In a recent development, the future release of the Linux 6.13 kernel has introduced a patch that proposes a new processing algorithm to determine the control amount of CRC32C. This new implementation has resulted in a remarkable reduction in code size, slashing it from 4546 bytes to just 418 bytes. The optimization of the logic of the cycle and decrease in the number of operations have brought about significant acceleration, particularly beneficial for the Retpoline protection against Spectre attacks. Notably, on AMD Zen 2 processors, there is up to an 11.8% boost in performance, while Intel Emerald Rapids and Intel Haswell see increases of 6.4% and 4.8% respectively.

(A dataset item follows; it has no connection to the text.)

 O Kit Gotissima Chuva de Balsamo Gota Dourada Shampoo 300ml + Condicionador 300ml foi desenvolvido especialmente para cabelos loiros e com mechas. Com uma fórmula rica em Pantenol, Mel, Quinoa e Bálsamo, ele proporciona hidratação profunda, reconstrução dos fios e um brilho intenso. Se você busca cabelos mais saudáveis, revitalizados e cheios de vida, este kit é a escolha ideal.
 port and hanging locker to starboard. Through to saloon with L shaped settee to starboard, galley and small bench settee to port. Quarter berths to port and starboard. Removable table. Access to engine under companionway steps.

Furthermore, with RTPOLINE enabled, the impact of this optimization is even more pronounced. Performance on Intel Emerald Rapids skyrockets by 66.8%, on Intel Haswell by 35.0%, and on AMD Zen 2 by 29.5%.
Prior to this update, the CRC32C algorithm utilized 128 detailed cycles (UNROLL), resulting in bloated code size. The excessive number of transition commands within the cycles posed a challenge to optimization, particularly given modern processors’ support for out-of-order execution. The latest implementation has brought down the number of iterations to just four, leading to a significant reduction in code size and improved operation speed.